:: TASK GOAL ::
Write out, please, each line from the one containing "A fun and distinctive" to the final line of the data, both included, exactly and without pictures.

::: EXERCISE INPUTS

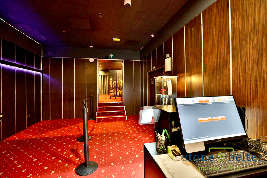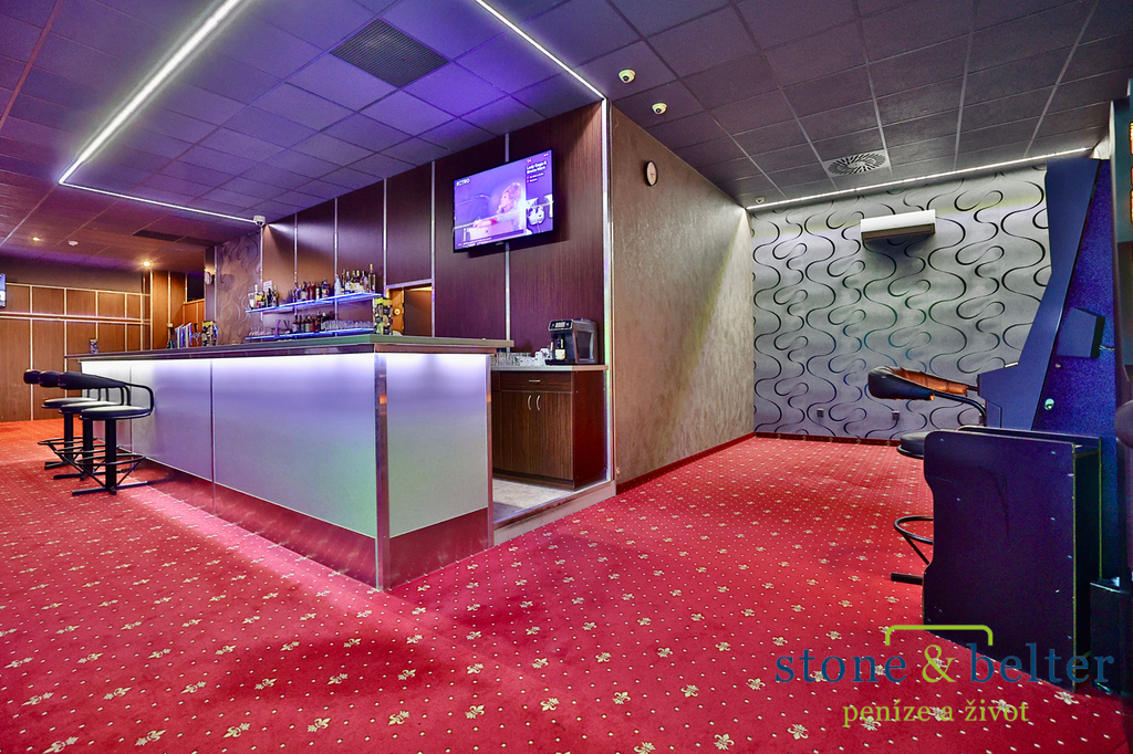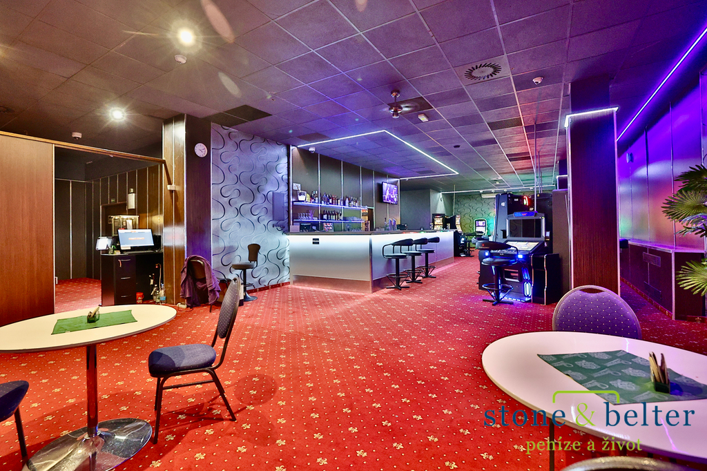 Aktuální členění zahrnuje hlavní místnost s barem a salonek, prostorné zázemí (kancelář, chodba a sklad) a sociální zařízení. Prostory jsou klimatizované, spolehlivé a rychlé připojení na internet zajišťuje optický kabel.
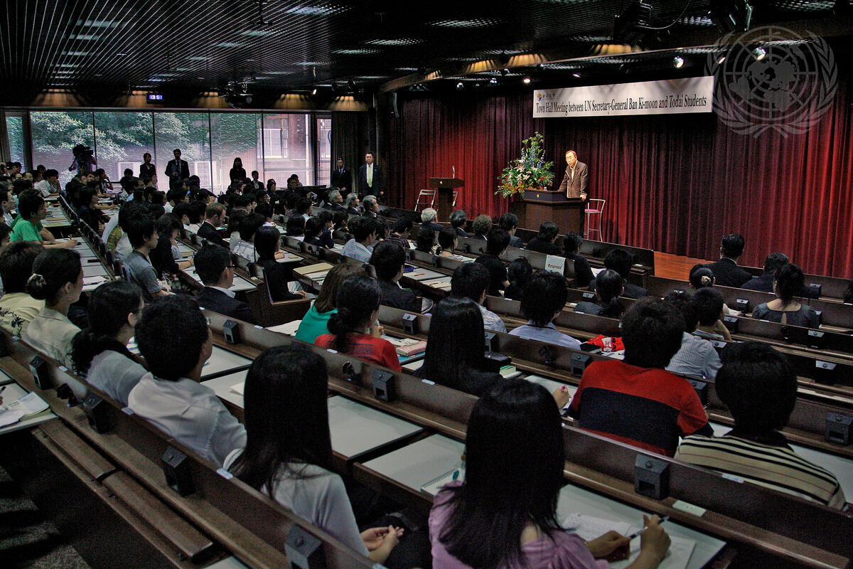 Secretary-General Ban Ki-moon (at podium) addresses a town hall meeting at the University of Tokyo.
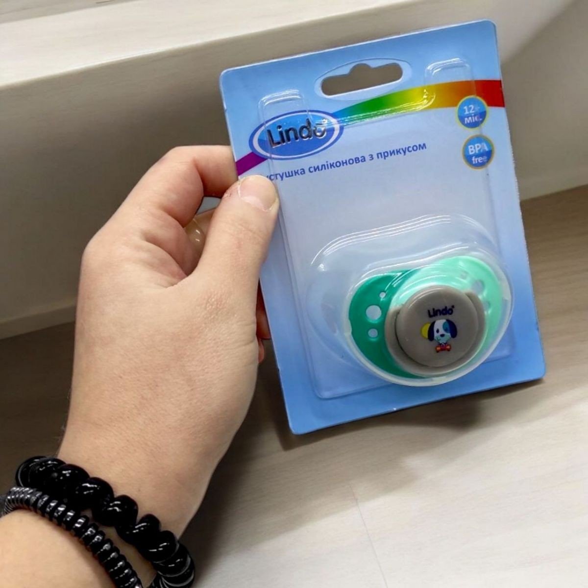 Пустушка мʼяка і абсолютно безпечна для дитини. Сприяє формуванню правильного прикусу. Упакована в пластиковий контейнер. Для дітей від 12 місяців.
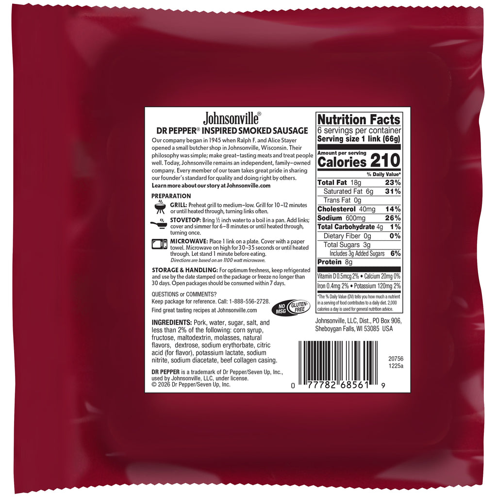 What happens when an iconic soda meets a legendary sausage maker? Johnsonville Dr Pepper® Inspired Sausage. Crafted from 100% premium cuts of pork and free from artificial colors and flavors, these links are the mouthwatering fusion of Dr Pepper’s signature 23 flavors with Johnsonville’s savory sausage. Versatile enough to headline a bun, star on kabobs, top nachos, or elevate burnt ends, they’re simple to prepare on the grill, stove, or air fryer. Curious if sausage that tastes like soda goes too far? There’s only one way to find out. Add to your cart and Keep It Juicy.
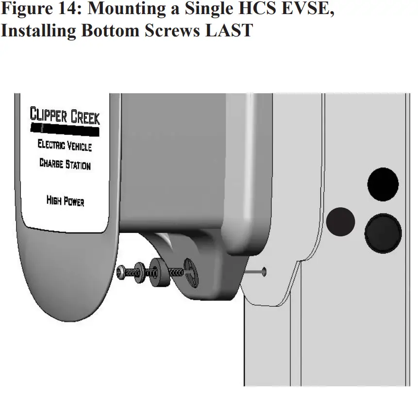 The correct style to use with the HCS Pedestal is the Perpendicular Screw Mount. These washers are included with the HCS Charging Station and do not accompany this kit. Refer to Figure 12. - Align the two screw holes on the top and bottom of the EVSE with the corresponding threaded inserts on the mounting plate.
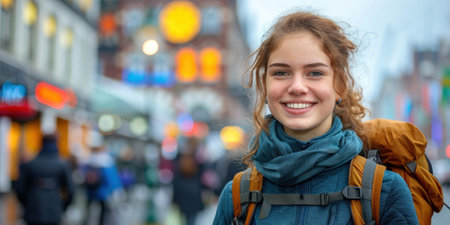 A cheerful young person with curly hair enjoys the bustling city atmosphere.
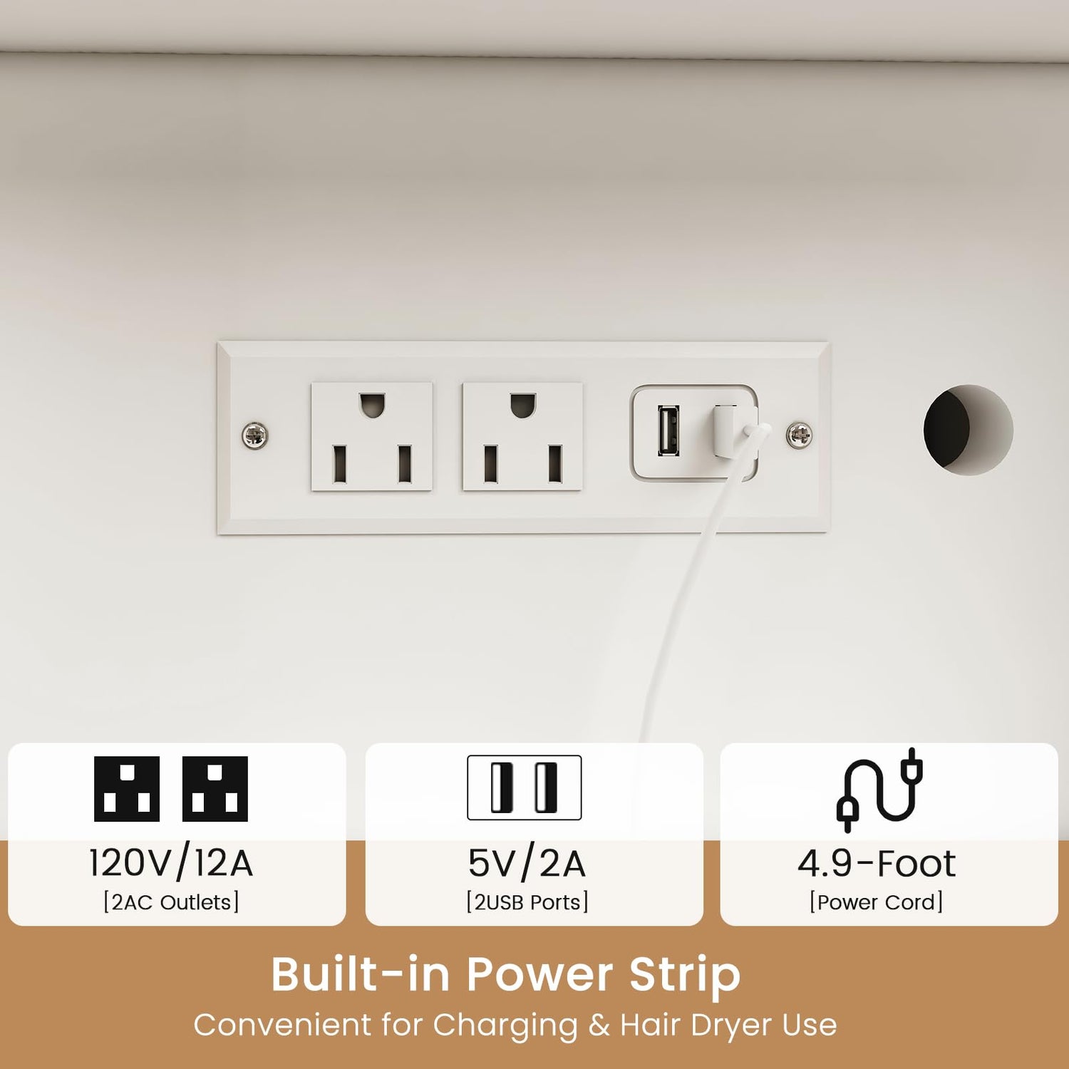 - Large Storage and Power Strip: Home for your jewelry, hair accessories and everything in your bedroom. Wider desk with 1 RGB cabinet, 1 visible long drawer and 2 drawers on 1 storage cabinet. This is the perfect amount of space for those who have quite a lot products. The power strip was built below the RGB cabinet. It's convenient to charge your phone and use hair dryer
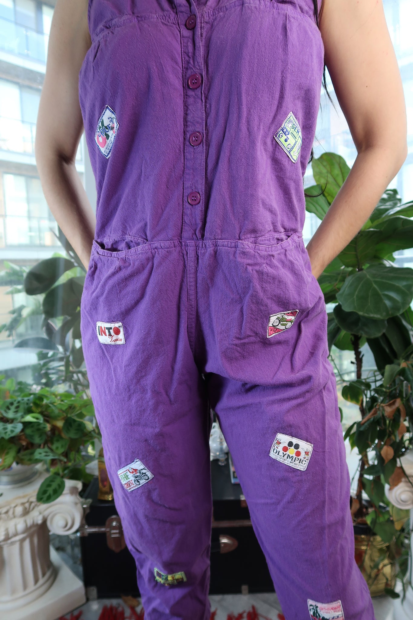 A fun and distinctive vintage purple jumpsuit with colorful patches and effortless throw-on appeal.
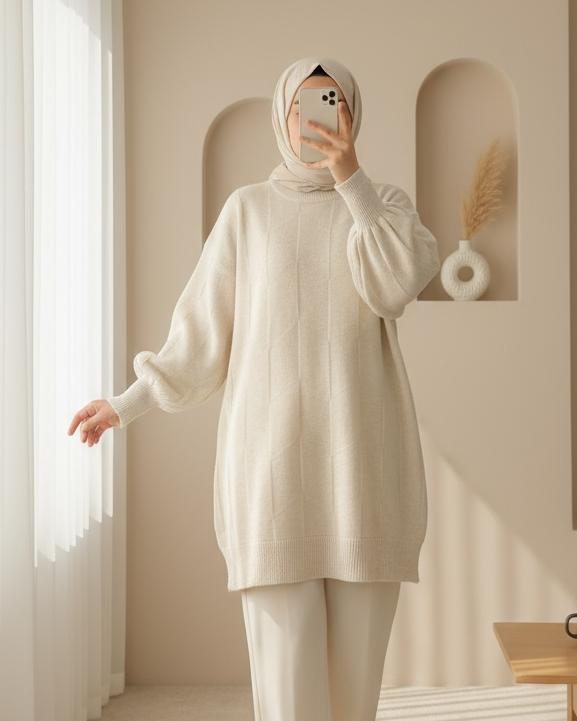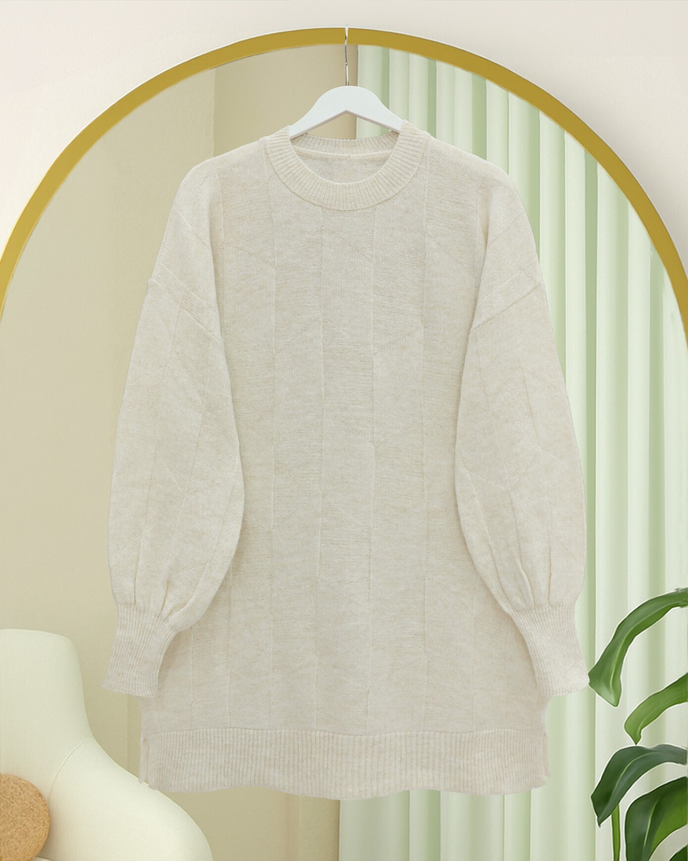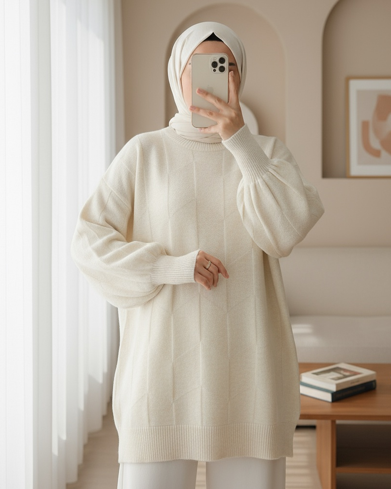 Yuvarlak Yaka Salaş Desenli Triko Kazak -Ekru-Ekru

::::::

:: ANSWER BELOW ::
 A fun and distinctive vintage purple jumpsuit with colorful patches and effortless throw-on appeal.
 Yuvarlak Yaka Salaş Desenli Triko Kazak -Ekru-Ekru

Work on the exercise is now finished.